## DATA IN THIS EXERCISE
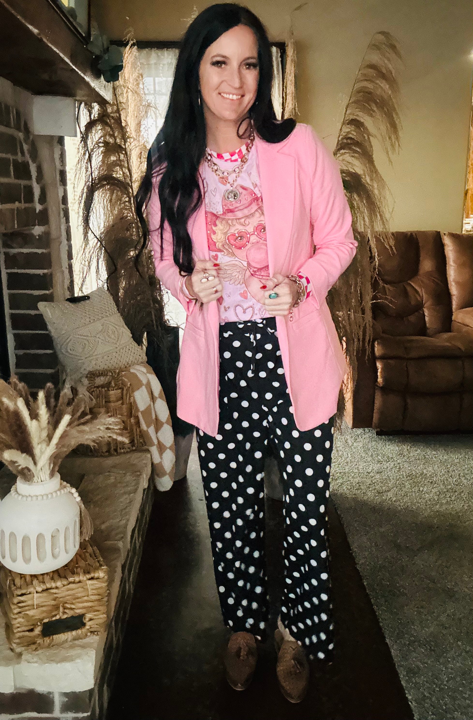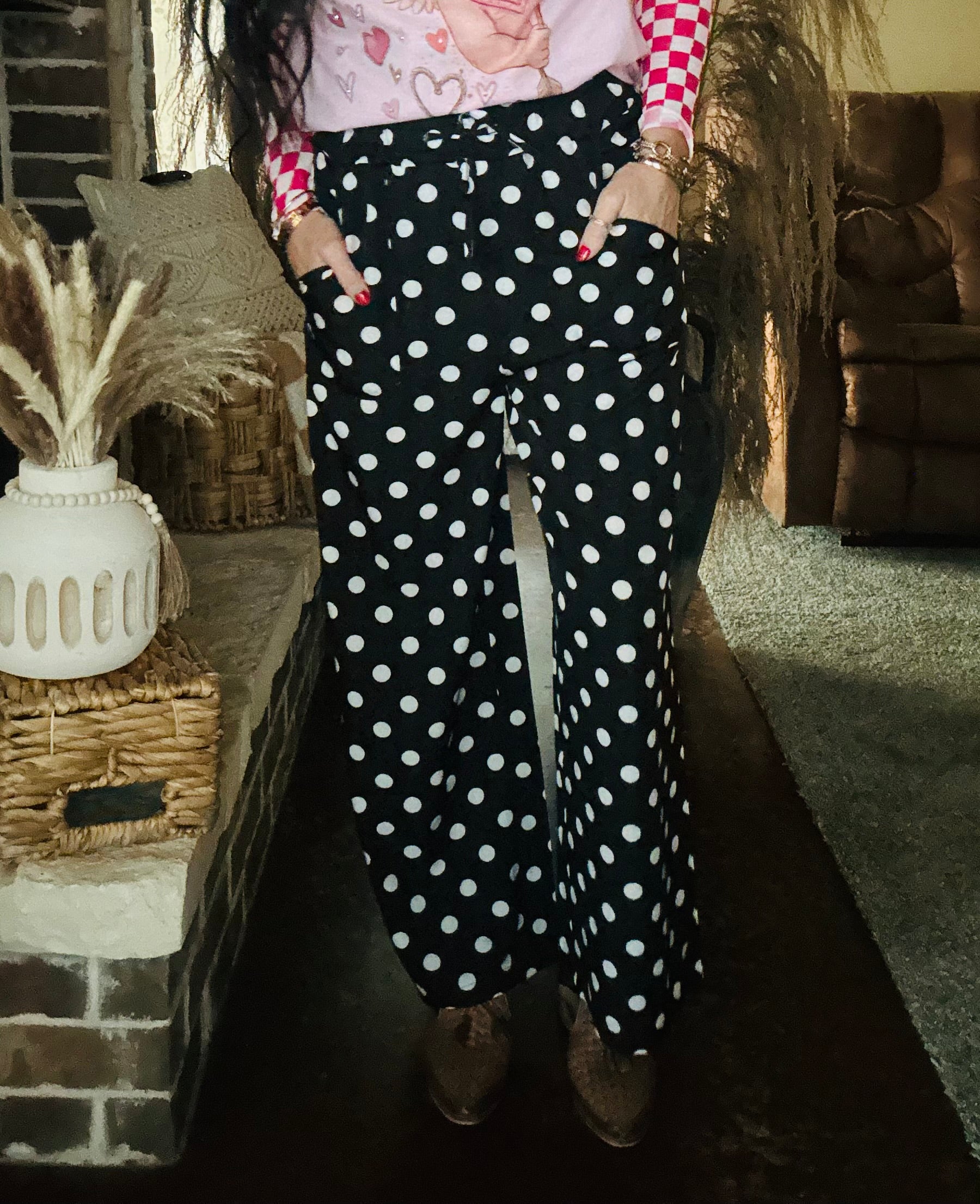 Okay… if you love a statement pant but refuse to sacrifice comfort, these are calling your name. The Lance Polka Dot Pants bring that playful black-and-white polka dot vibe while still feeling easy, flattering, and totally wearable. The wide-leg, cropped silhouette gives you movement and shape without clinging, and the high-waisted fit keeps everything looking polished and pulled together.
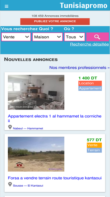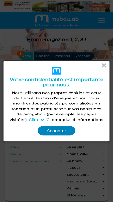 100%Mubawab est le site immobilier leader en Tunisie. Louez, achetez et vendez grâce à la plus large offre immobilière en Tunisie.
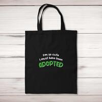 So Cute I'm Adopted Tote BagA novelty shopping bag with 'So Cute I'm Adopted' printed on the front of a 100% cotton tote bag. This novelty bag is a perfect replacement for plastic bags in retail, supermarkets and any other kinds of stores. Reusable, sustainable and multifunctional. 100% 150gsm Cotton10 litre capacity38 x 42 cmLong handled shopper, for easy use over the shoulderAvailable in a range of coloursDesigned and hand-printed in the UKPlease NoteAll of our items are hand-printed to order, as a result, colours may vary between prints - images are for illustration purposes only.
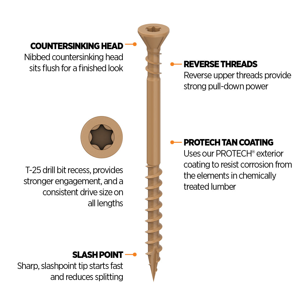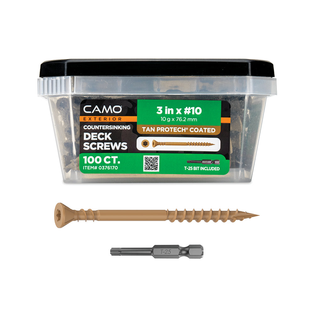 This full-featured, does-it-all decking screw from CAMO is a countersinking workhorse. Featuring reverse upper threads to hold tight, and a nibbed countersinking head design for a clean, flush finish, it is the exterior screw you’ll keep coming back to. CAMO Countersinking Deck Screws are coated in our proprietary PROTECH coating, protecting the fastener from harmful corrosion from the elements in chemically treated lumber.
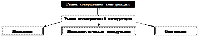 В экономике выделяют несколько типов конкурентных рынков: совершенной конкуренции и несовершенной конкуренции, к которому относят: монополию, олигополию, монополистическую конкуренцию (Рис. 6.8).
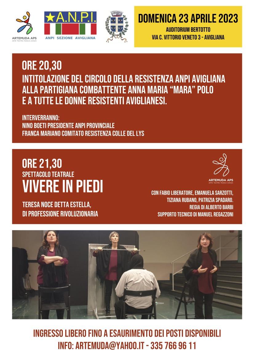 A seguire sarà inaugurata la targa commemorativa del Circolo della Resistenza Anpi Avigliana alla partigiana combattente Anna Maria “Mara” Polo, con un rinfresco offerto dall’Anpi nel cortile della Società Operaia in via Montenero e l’accompagnamento musicale della Filarmonica Santa Cecilia di Avigliana. Il Circolo della Resistenza Anpi Avigliana sarà infatti intitolato alla partigiana “Mara” già domenica 23 aprile con una cerimonia all’auditorium Daniele Bertotto alle 20,30: interverranno Nino Boeti, presidente Anpi provinciale e Franca Mariano del Comitato Resistenza Colle Lys. Alle 21,30 di domenica 23 andrà in scena lo spettacolo teatrale “Vivere in piedi – Teresa Noce detta Estella di professione rivoluzionaria” con la regia di Alberto Barbi, a cura dell’associazione Artemuda.
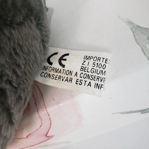 Vintage Belgium Gray Dressed Elephant Plush Trunk Up Pink RARE Stuffed Animal
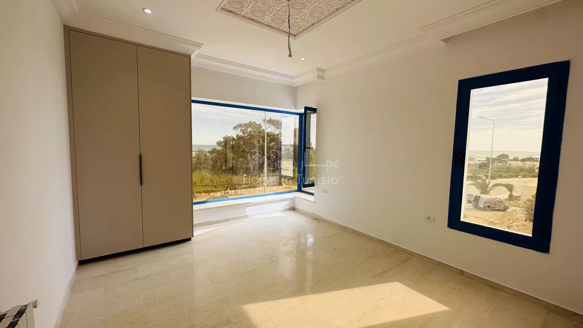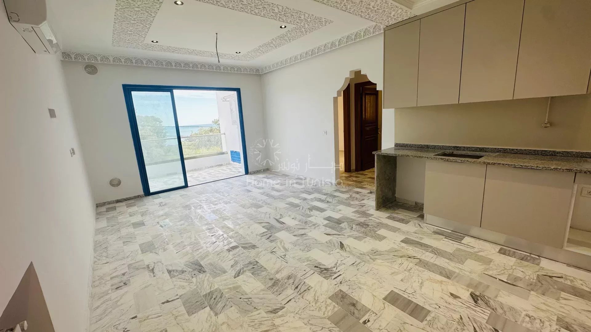 Appartement S+2 situé au 1er étage, avec vue mer, à 1 minute de la plage, neuf et jamais habité, au sein d’une résidence calme et bien entretenue avec ascenseur.
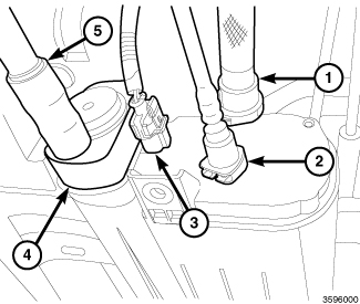 2. Install the ESIM switch (4) into the EVAP canister and rotate clockwise until the electrical connector is in the 3 O'clock position.
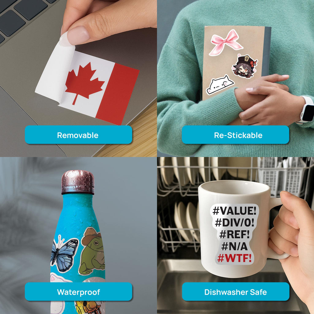 Libérez votre créativité, où que vous soyez ! La créativité ne devrait pas être confinée, alors pourquoi ne pas l'emporter partout avec vous ? Que vous soyez étudiant et souhaitiez personnaliser votre ordinateur portable, artiste et exprimiez votre style, ou professionnel et souhaitiez ajouter une touche personnelle à vos objets du quotidien, nos stickers en vinyle révèlent votre individualité. Résistants, imperméables et repositionnables, nos stickers vous suivent partout. Ordinateurs portables, gourdes, coques de téléphone, carnets, gobelets… vos objets préférés deviennent le reflet audacieux de votre personnalité. Avec des designs allant des plus vibrants et exubérants aux plus sobres et élégants, nous célébrons l'expression de soi. Rejoignez-nous et transformez vos objets du quotidien en pièces uniques.
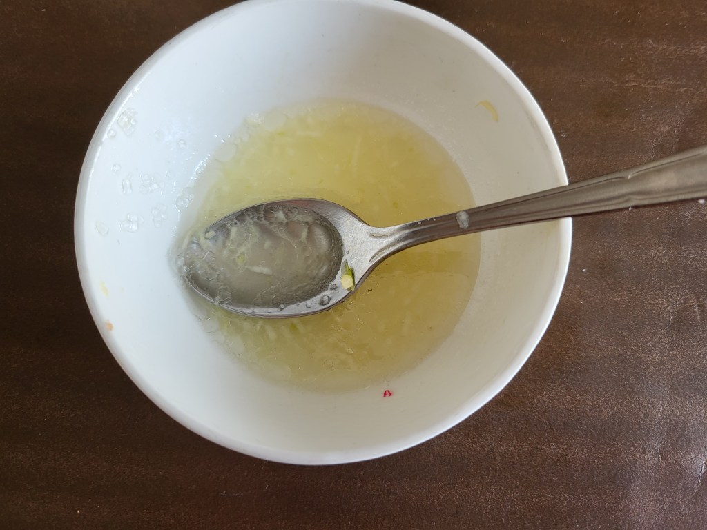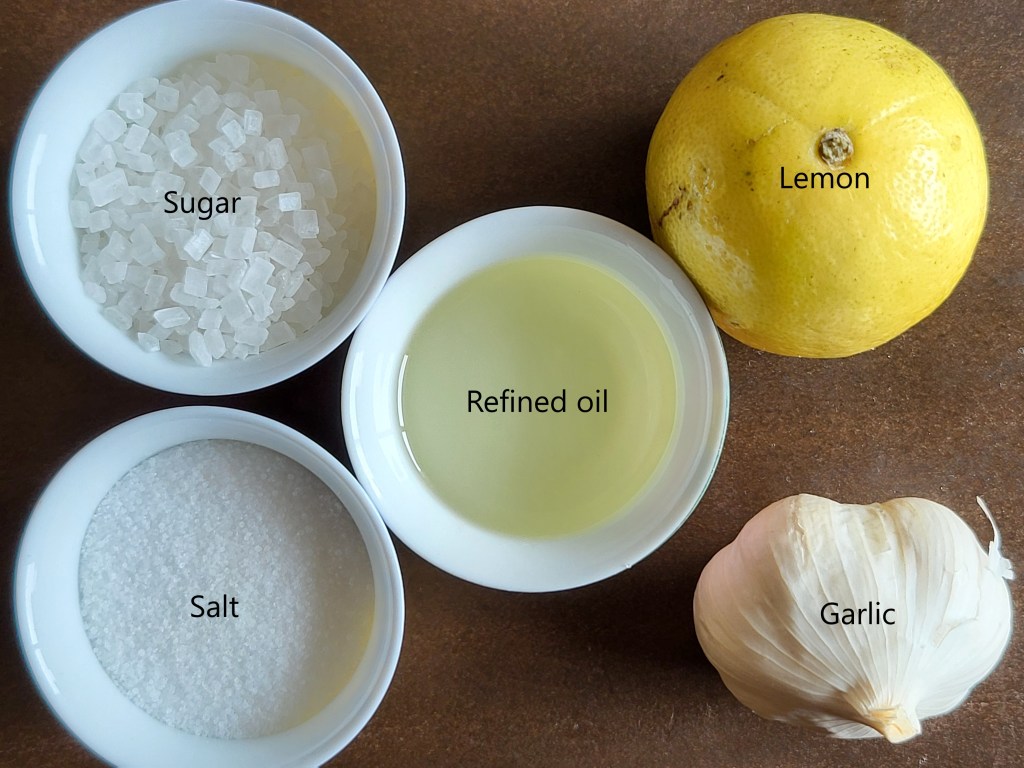 19. Mix 2 tbsp lemon juice, ½ tsp grated garlic, 1 tbsp oil, 1 tsp sugar, and salt to taste. Stir until sugar dissolves.
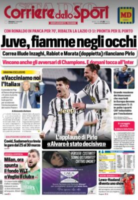 La prima pagina del Corriere dello Sport, si concentra sulla vittoria in rimonta di ieri sera della Juventus sulla Lazio,...
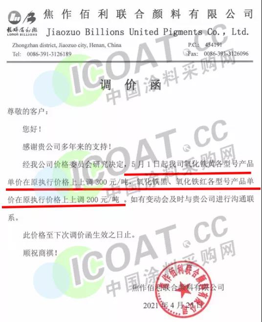 焦作佰利聯合顏料有限公司:經研究決定,5月1日起氧化鐵黃各型號產品單價在原執(zhí)行價格上上調300元/噸,氧化鐵黑、氧化鐵紅各型號產品單價在原執(zhí)行價格上上調200元/噸。
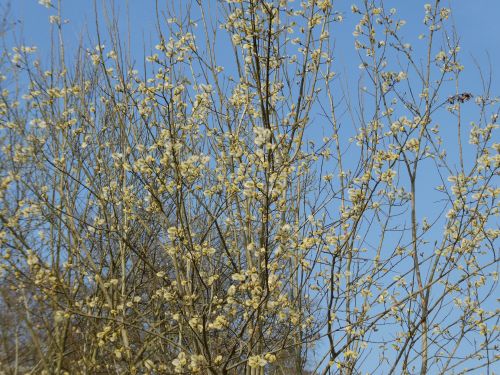 Die Weide treibt schon kräftig Kätzchen und Blätter,
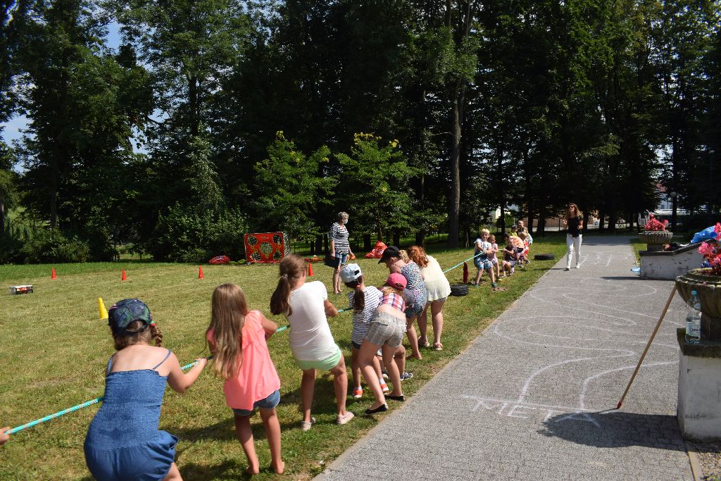 – gry i zabawy na świeżym powietrzu: rywalizacja dwóch drużyn w wielu konkurencjach m.in. przeciąganiu liny, strzałach na bramkę, toczeniu opony, gry w zaimprowizowane kręgle, skokach Gumisiów (wyścig na piłce z uszami), biegach przez płotki,
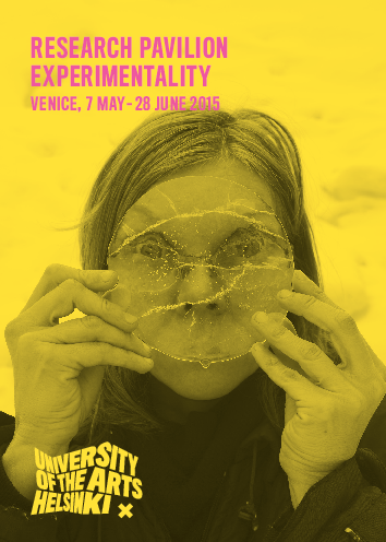 The University of the Arts Helsinki organised a Research Pavilion at the 56th Venice Biennale. This first pavilion in the history of the biennale to be dedicated to research consists of an international contemporary art exhibition and a platform for events, both featuring artistic research. The theme of the Research Pavilion was experimentality. Both the exhibition and the research events explored the following questions: How does experimentality manifest itself in contemporary art? Did the discourse on artistic research and its methodologies redefine our ideas regarding experiments and experimentality? Does current research generate new types of methodologies (such as affective or multisensory approaches) reassessing the nature of experimentation? In addition questions pop up such as: Does the concept of laboratory retain its sense in the context of artistic research? Could artistic research laboratories be seen as strategic, transdisciplinary platforms that enable research to be reimagined in new ways, i.e. by creating aesthetic preconditions for experimentation allowing topical problems to be addressed in some hybrid form? Does an artistic research laboratory facilitate new connections between science, aesthetics, and politics?
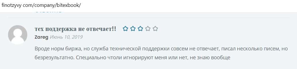 Мужчина оставил отзыв о криптобирже Битекс Бук, что их техподдержка вообще не работает. Это подозрительный момент, так как работа саппорта важна для клиентов.
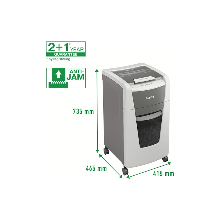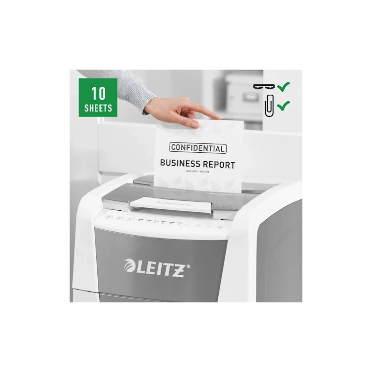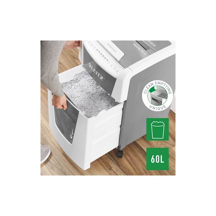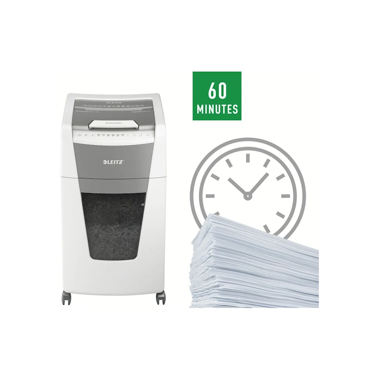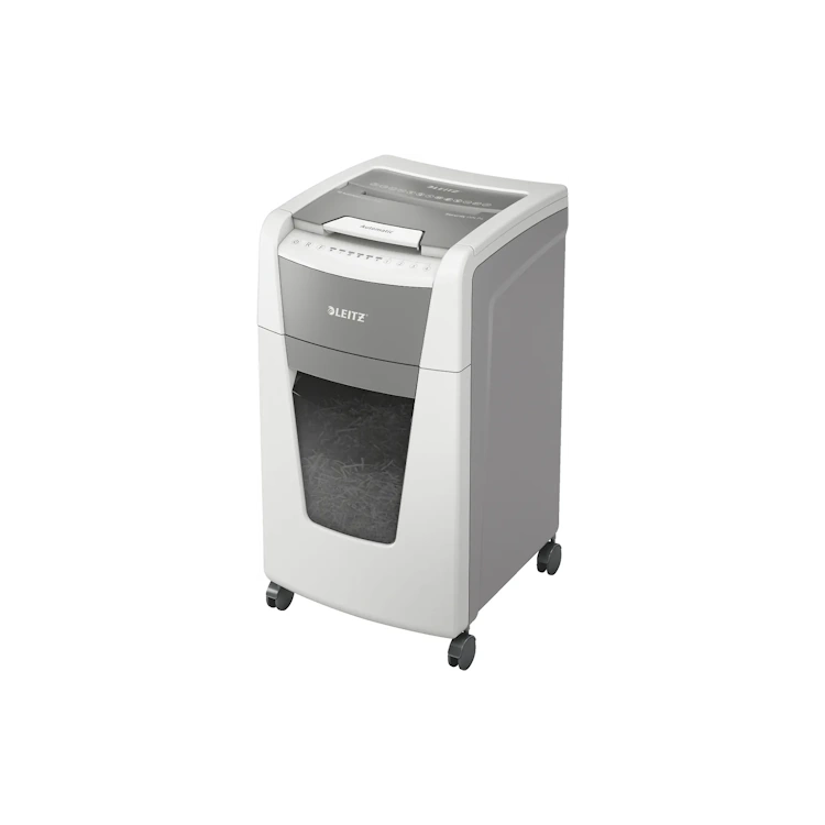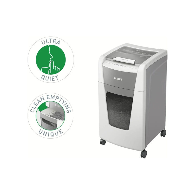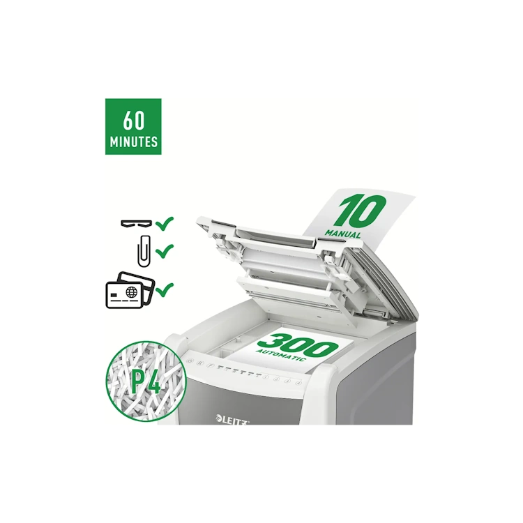 Leitzin täysin automaattinen paperisilppuri on niin älykäs, että se toimii hiljaa itsestään: asetat vain paperipinon (sis. niitit ja paperiliittimet), suljet kannen ja jatkat työntekoasi. Silppuaa yhtäjaksoisesti maksimissaan 300 arkkia (80gsm) turvatason P4 (4x30mm) ristiinleikattua silppua tilavaan 60 litran silppusäiliöön eli se on ihanteellinen toimistokäyttöön. Voit myös silputa papereita manuaalisesti silppurilla (max. 10 arkkia kerrallaan). Silppurissa on jumiutumisen estoteknologia sekä hiljainen ja yhtäjaksoinen 60min silppuaminen automaattitoiminnolla. Leitz IQ silppurit ovat helppokäyttöisiä kosketusnäytön avulla sekä siinä on ainutlaatuinen tyhjennystoiminto.

## WHAT YOU SHOULD DO
Give again, exactly, the lines from the start of the data through the one holding "В экономике выделяют"; omit the pictures.

## RESULT FOR THIS EXERCISE
 Okay… if you love a statement pant but refuse to sacrifice comfort, these are calling your name. The Lance Polka Dot Pants bring that playful black-and-white polka dot vibe while still feeling easy, flattering, and totally wearable. The wide-leg, cropped silhouette gives you movement and shape without clinging, and the high-waisted fit keeps everything looking polished and pulled together.
 100%Mubawab est le site immobilier leader en Tunisie. Louez, achetez et vendez grâce à la plus large offre immobilière en Tunisie.
 So Cute I'm Adopted Tote BagA novelty shopping bag with 'So Cute I'm Adopted' printed on the front of a 100% cotton tote bag. This novelty bag is a perfect replacement for plastic bags in retail, supermarkets and any other kinds of stores. Reusable, sustainable and multifunctional. 100% 150gsm Cotton10 litre capacity38 x 42 cmLong handled shopper, for easy use over the shoulderAvailable in a range of coloursDesigned and hand-printed in the UKPlease NoteAll of our items are hand-printed to order, as a result, colours may vary between prints - images are for illustration purposes only.
 This full-featured, does-it-all decking screw from CAMO is a countersinking workhorse. Featuring reverse upper threads to hold tight, and a nibbed countersinking head design for a clean, flush finish, it is the exterior screw you’ll keep coming back to. CAMO Countersinking Deck Screws are coated in our proprietary PROTECH coating, protecting the fastener from harmful corrosion from the elements in chemically treated lumber.
 В экономике выделяют несколько типов конкурентных рынков: совершенной конкуренции и несовершенной конкуренции, к которому относят: монополию, олигополию, монополистическую конкуренцию (Рис. 6.8).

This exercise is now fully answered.